• [Work to be completed]
Can you set down, exactly as they appear below, the lines from the opening of the material through the one bearing "Bloomingville Hazem skåp", minus the pictures?

• [Recorded information]

▶

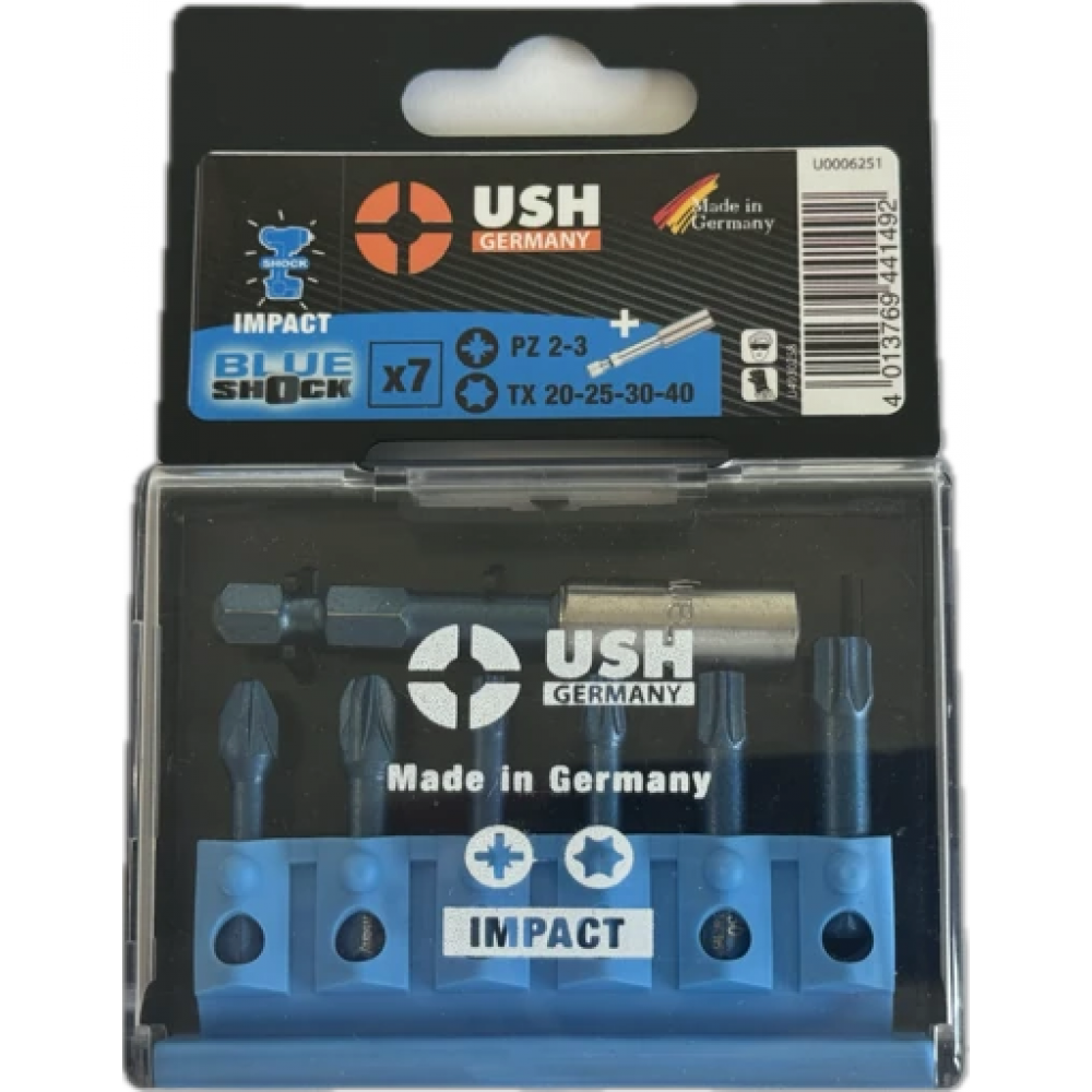 Набір насадок викруткових Blueshock USH: 1/4", PZ2-3; T20-25-30-40, магнітний тримач, 7 елем.
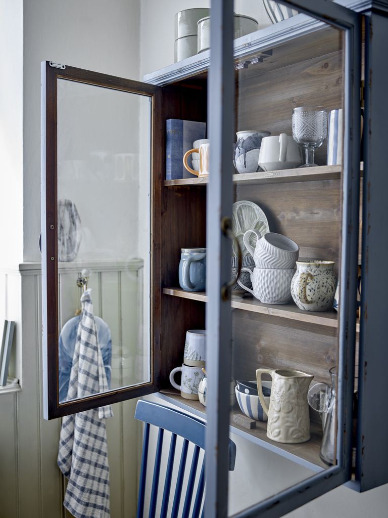 Bloomingville Hazem skåp är en vacker och funktionell möbel som kombinerar stil och praktisk användbarhet. Skåpet är tillverkat i robust granträ och har en unik blå färg som ger en distinkt, åldrad look. Glasdörrarna gör det lätt att visa upp dina favoritsaker, från porslin till dekorativa föremål, vilket ger varje rum en personlig touch.
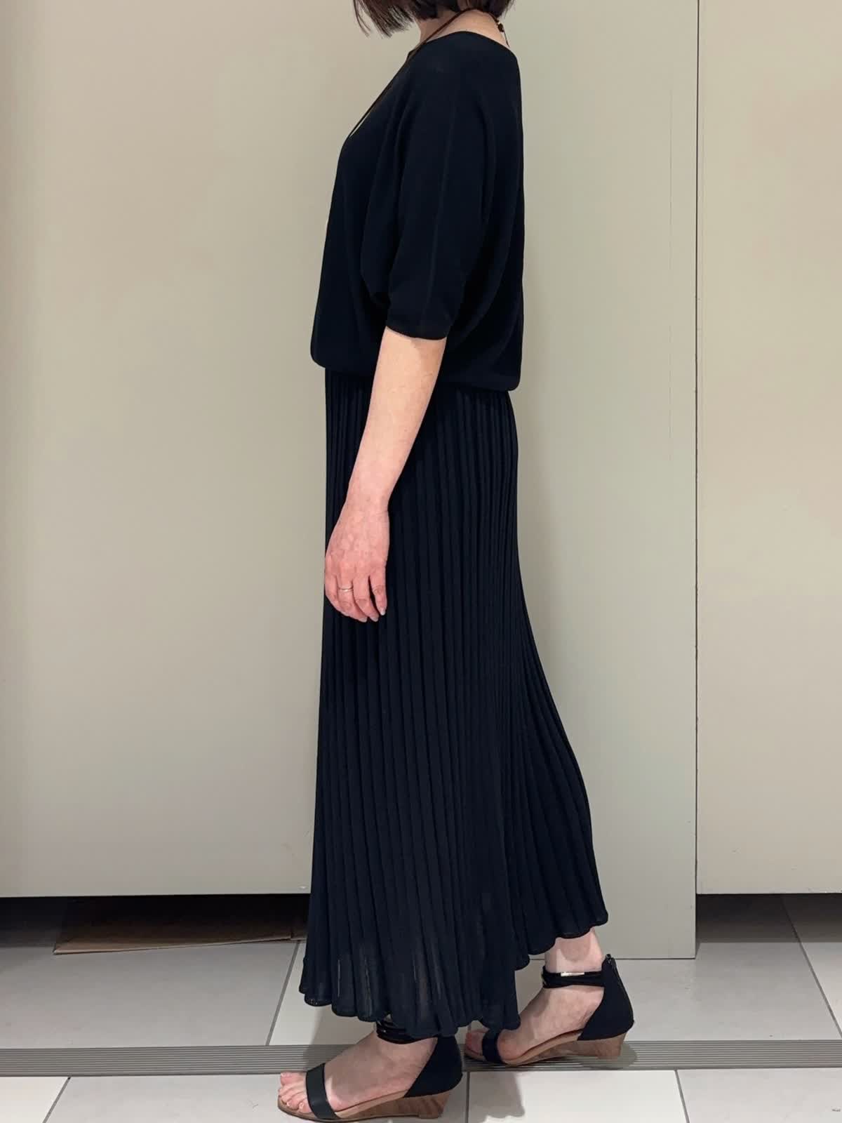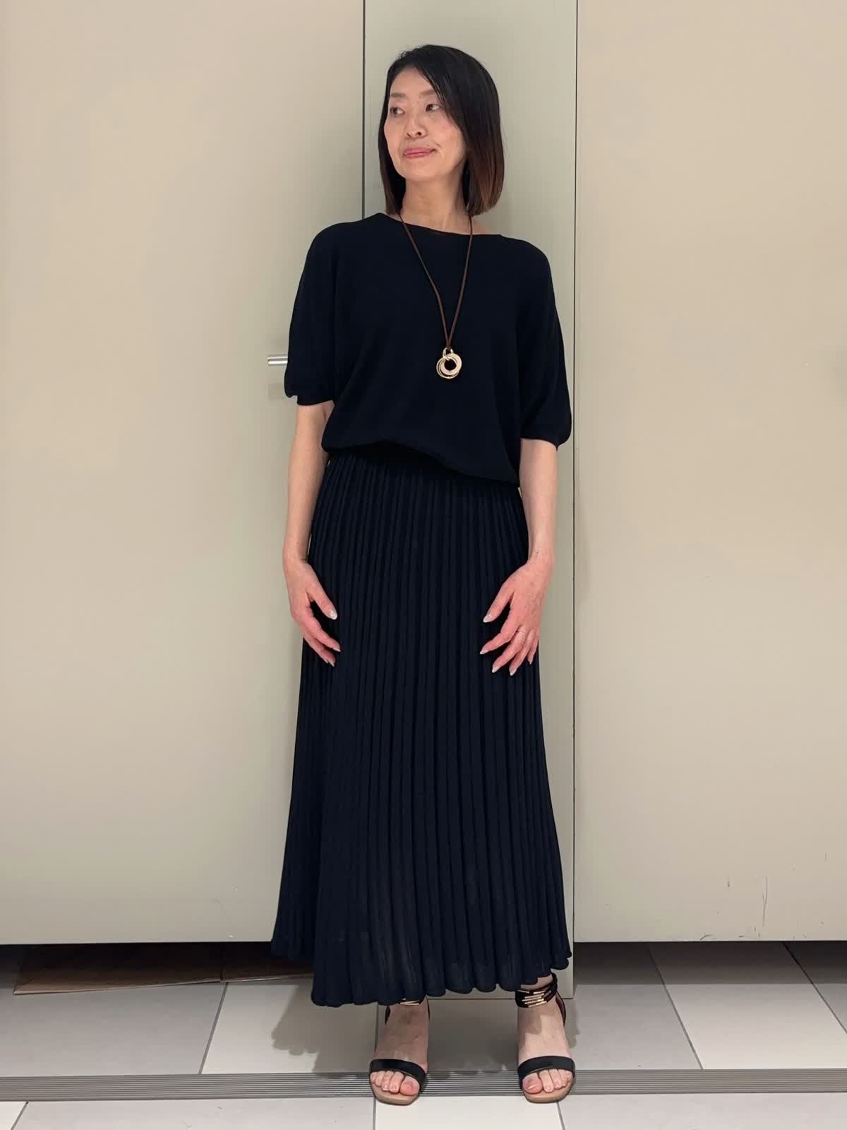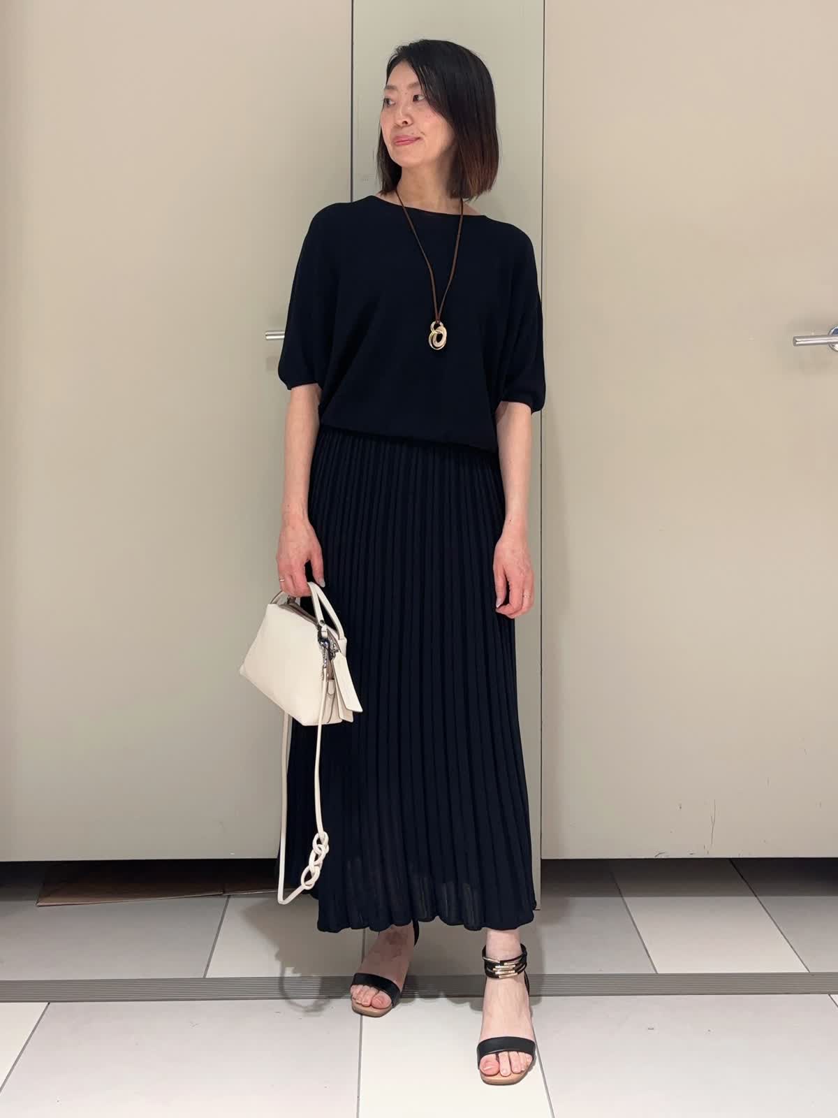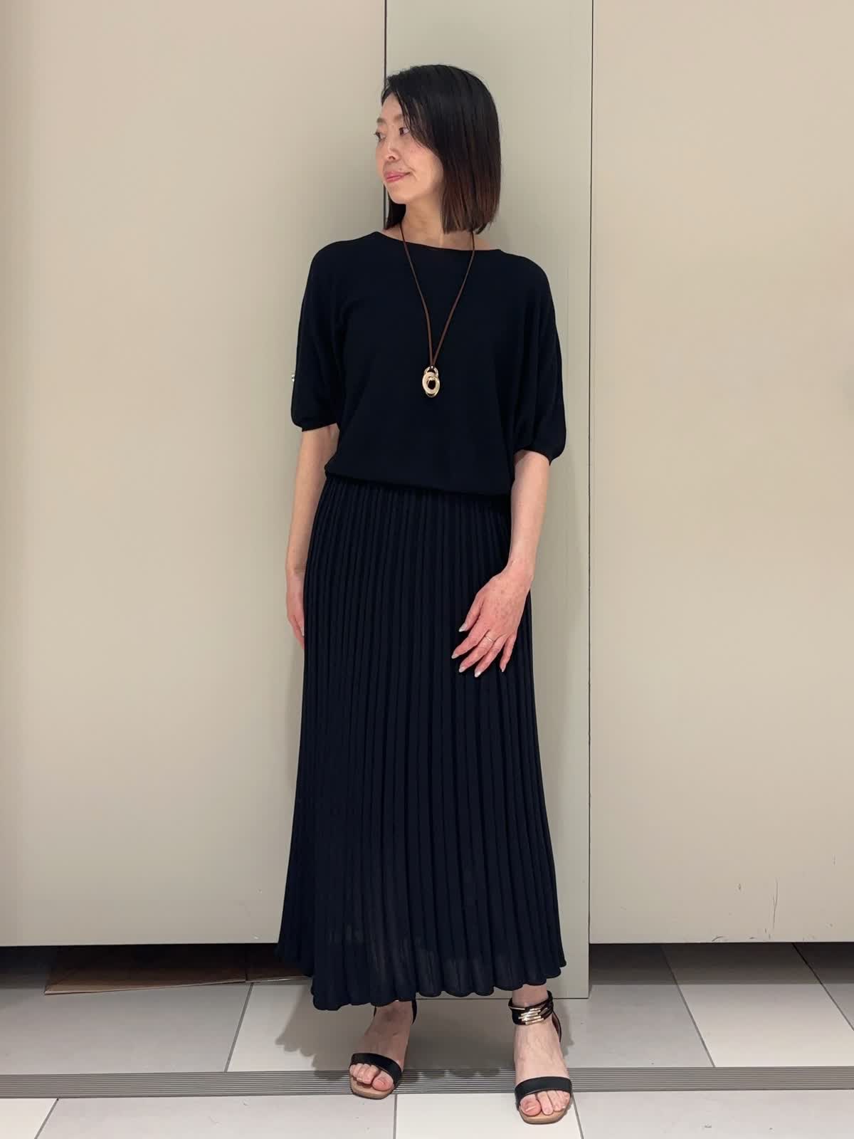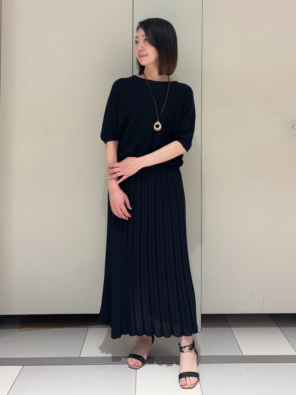 【着用サイズ】ニット:9号 スカート:9号 【着用カラー】ニット:ダークネイビー スカート:ダークネイビー ネックレス:ベージュ バッグ:オフホワイト 縫い目のないホールガーメントニットで快適な着心地。ゆとりのあるシルエットと程よい衿ぐりの開きが上品な印象できれいめスタイルに最適な一枚です。さらっとした素材感と五分袖で、これからの季節にもおすすめです。

◀

• [Exercise output]
 Набір насадок викруткових Blueshock USH: 1/4", PZ2-3; T20-25-30-40, магнітний тримач, 7 елем.
 Bloomingville Hazem skåp är en vacker och funktionell möbel som kombinerar stil och praktisk användbarhet. Skåpet är tillverkat i robust granträ och har en unik blå färg som ger en distinkt, åldrad look. Glasdörrarna gör det lätt att visa upp dina favoritsaker, från porslin till dekorativa föremål, vilket ger varje rum en personlig touch.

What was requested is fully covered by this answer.